I have a list of records, many of which are duplicates, that I'm trying to "UPSERT" into a SQLite3 database using SQLAlchemy Core 1.4.35 and Python 3.9.2.
If the module tries to INSERT a record that doesn't already exist in the table, I want the INSERT to succeed, and I want to return the primary key that was created for that record.
But if the module tries to INSERT a record that already exists, then I want the INSERT to fail. And I want to SELECT and return the ID of the existing record.
I run into two problems when I run the code below and I can't figure out what's causing either problem.

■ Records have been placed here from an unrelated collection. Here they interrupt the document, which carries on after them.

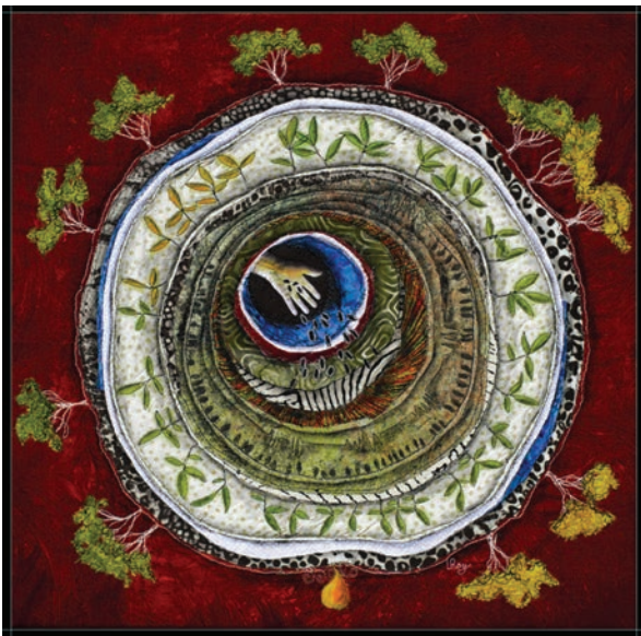
Missionary, Lorraine Roy

Main Idea: The Bible portrays the earth as yielding food in abundance, and today's agricultural scientists say it could provide food for all. We can learn to produce food with justice and peace and feed a starving world.
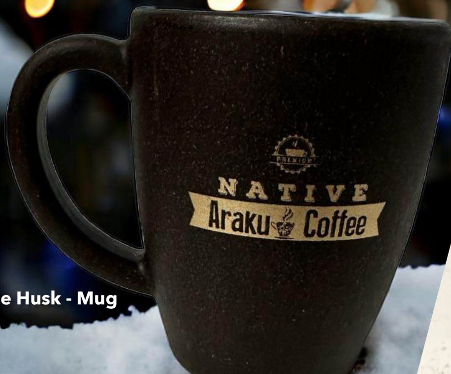
Coffee Husk - Mug
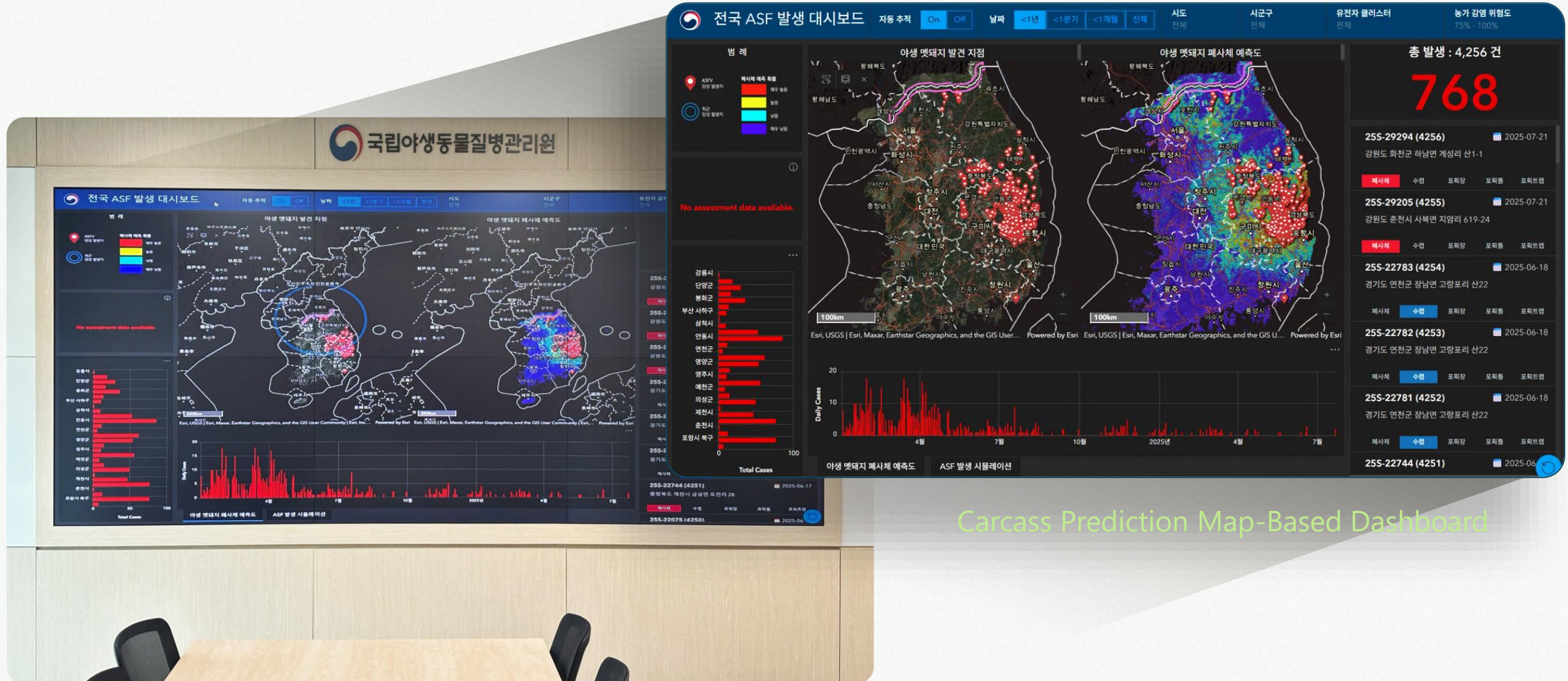
Carcass Prediction Map-Based Dashboard

Wild Boar ASF Outbreak situation Maps and Graphs
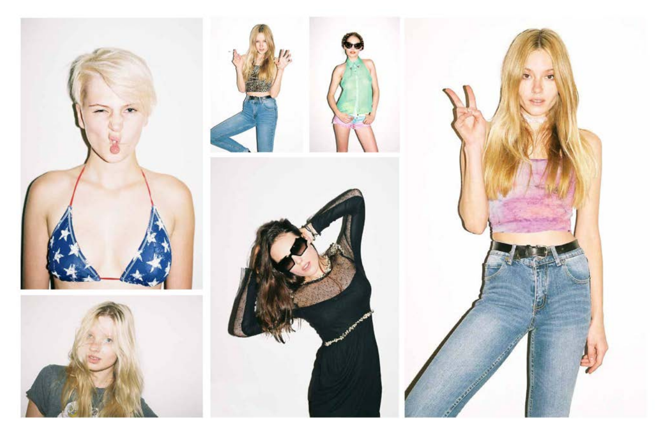
53. At the photoshoot, JUUL took photographs and videos of models posing with the JUUL e-cigarette for use in the Launch Campaign. The following is a selection of creative "assets" generated for the Vaporized Campaign using photographs from the photoshoot.
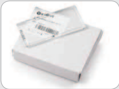
Optical magnifying lenses can also be fitted for improved visibility and close, low current work.
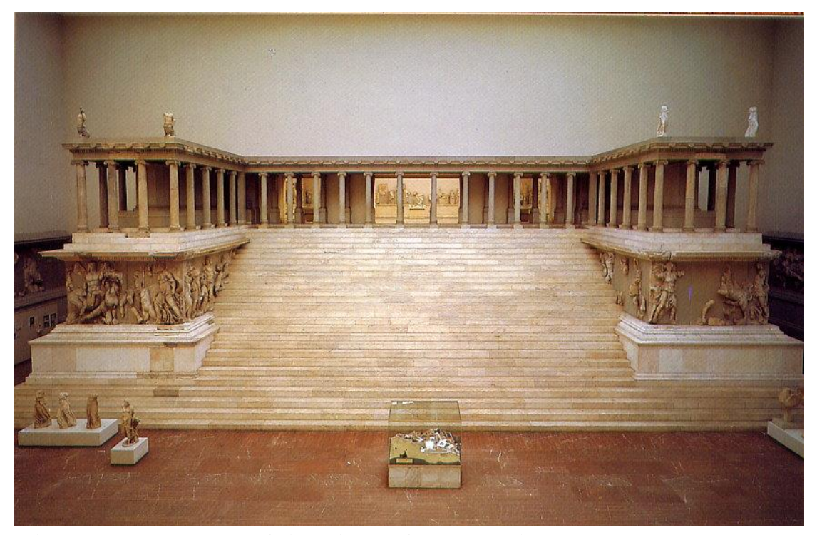
The reconstruction of the altar of Zeus in the Pergamum Museum, Berlin, Germany. The friezes are from the actual archaeological site.

of the mountain (acropolis) and was built in the first half of the second century BC. It was excavated in the late 1800s, and its friezes were sent to Berlin. Later, this structure was used as the model for the building of the Tribune at Zepplin Field in Nuremburg. Hitler often visited this structure.
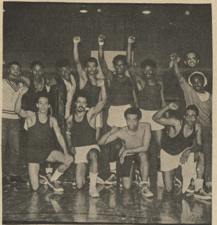
1969-70 INTRAMURAL BASKETBALL CHAMPIONS are the Jwan-tu-Wjazuri .

The Doyle Hall Film Series will sponsor Doctor Faustus Friday at 8 p.m. The color film, directed by Richard Burton and Nevill Coghill, stars Richard Burton, Elizabeth Taylor, and the Oxford University Dramatic Society. Admission is $.90.
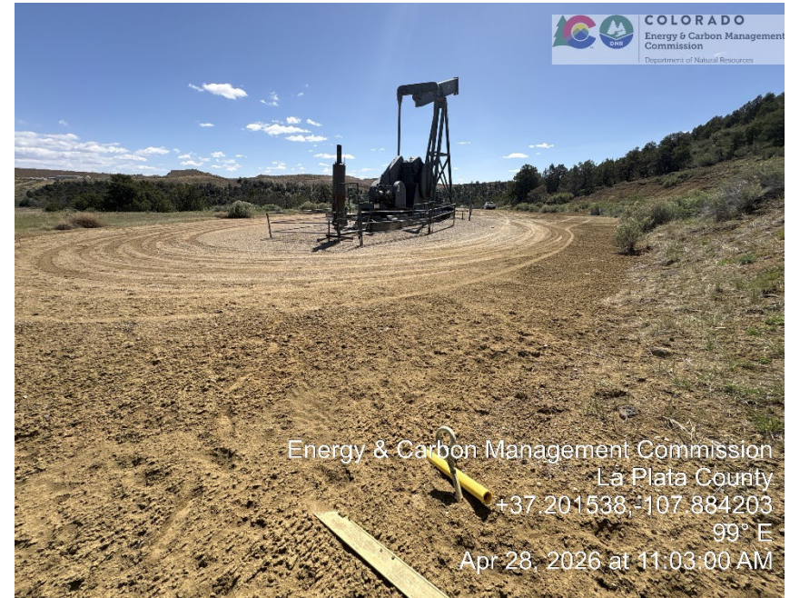
21. Interim reclamation and drainage ditch on east end of well pad.
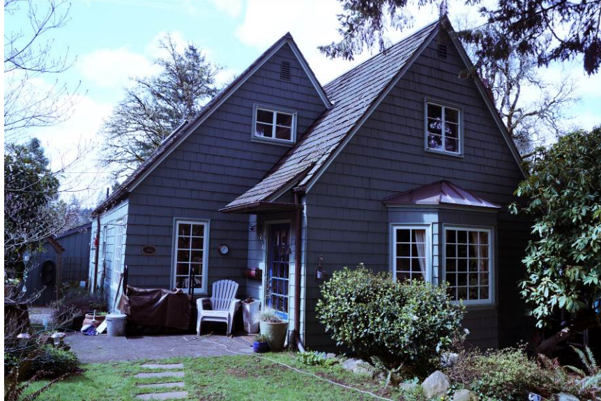
Figure 5. Looking northwest at the south and east façades. March 2014
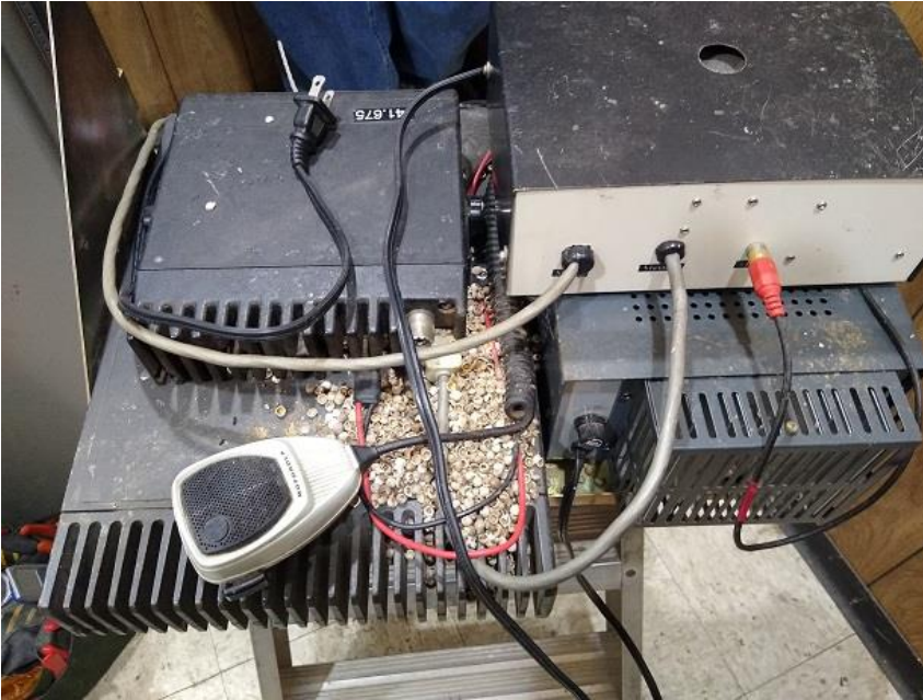
Above, Back View

The remote RX at CB got changed today so should sound better. The “cb rx.jpg” is what was installed and the other, “cb rx new.jpg” was what was taken out. Notice all the critter junk on top of it. It will eventually find its way back to my basement for a capacitor swap to fix the de-emphasis and remain as a spare or possible use later if there is a hole we want to fill. — John WBOCMC
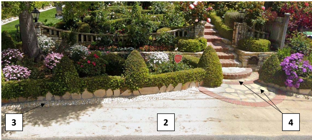
Existing right-of-way encroachments.
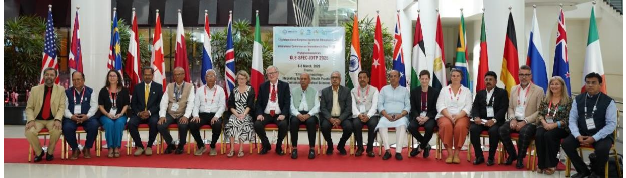
Dignitaries, Speakers of SFEC 2025 at Belagavi, India
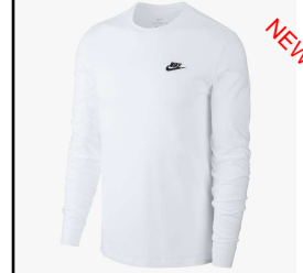
CLOTHING # AR5193100 WHITE

LONG SLEEVE T-SHIRT: Sizes: Men's: S - 4XL $31.99
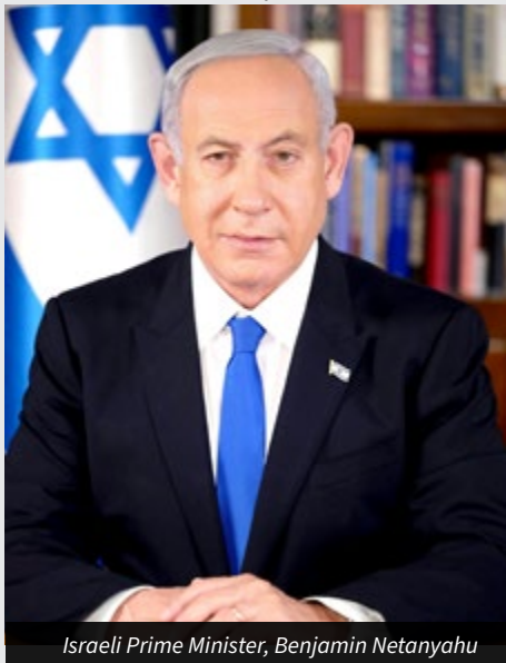
Israeli Prime Minister, Benjamin Netanyahu

In stark contrast, Hamas uses its civilians as human shields. Thus, it launches rockets from the roofs of hospital and schools, and when Israel announces targets, Hamas forces civilians to the target areas so that they can use their dead bodies for propaganda purposes. As one expert has put it, “Israel uses its military to protect its citizens whereas Hamas uses its citizens to protect its military.”
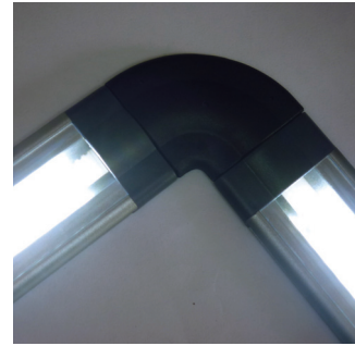
90° Direct Connector 1
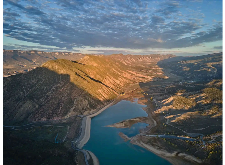
The Grand Hogback ACEC outside of Rifle, Colorado, one of the landscapes considered for oil and gas closures in the draft plan.

With this new plan, we have an opportunity to ensure that these important lands are protected from oil and gas development, and that the BLM thoroughly considers climate change impacts in land use decisions.
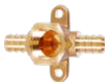
Drop Ear Tee

ASTM F1807 No lead, DZR forged brass ANSI/NSF 61 & 14
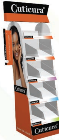
CORRUGATED FSU + PARASITE ADD ON
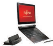
ARROWS Tab QH77

The Ubiquitous Solutions segment is involved in the development, manufacture and sale of PCs and mobile phones, as well as audio and navigation equipment and other types of mobilewear.
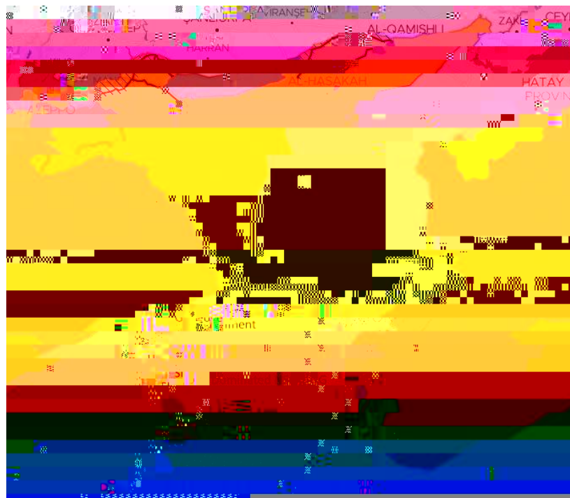
Figure 1: Dominant actors' area of control and influence in Syria as of 26 January 2020. NSOAG stands for Non-state Organized Armed Groups. Also, please see the footnote on page 2.
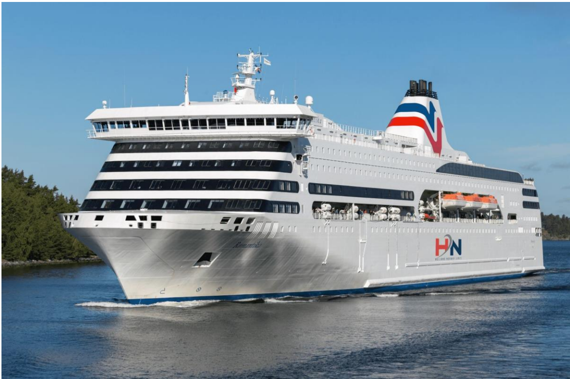
MS Romantika

In April 2022, Holland Norway Lines opens a new cruise ferry route between Southern Norway and the Netherlands . The route will be operated between Kristiansand and Eemshaven three times a week and takes 18 hours.
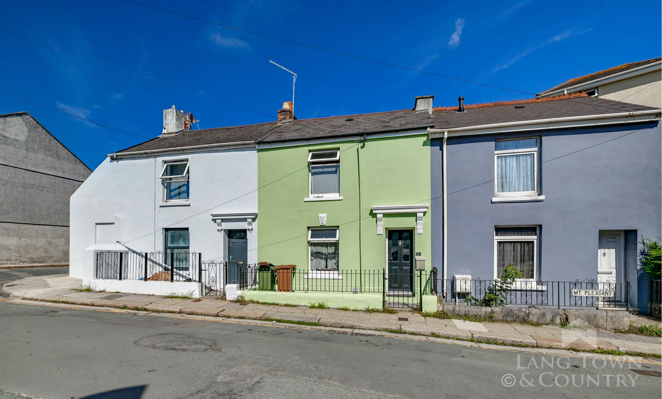
3 Mount Pleasant Terrace, Stoke, Plymouth, Devon, PL2 1EL

If I remove all the code indented under the
except IntegrityError as err
line, then the module finishes successfully. But the database table has a bunch of duplicate records -- despite the UNIQUE constraint on the table.If I leave that code in place, and try to SELECT the ID of the existing record when handling the exception -- I get the errors below.
What is causing these two problems?
What can I do to prevent duplicate records from being INSERTed, and also SELECT the ID of the existing record?
I'm still learning SQL so I may be missing something obvious here.
Possibly relevant update
All the duplicate records I checked have one thing in common, which is that one of the fields contains a NULL. Does SQLite not recognize NULLs when it checks for UNIQUE table constraints?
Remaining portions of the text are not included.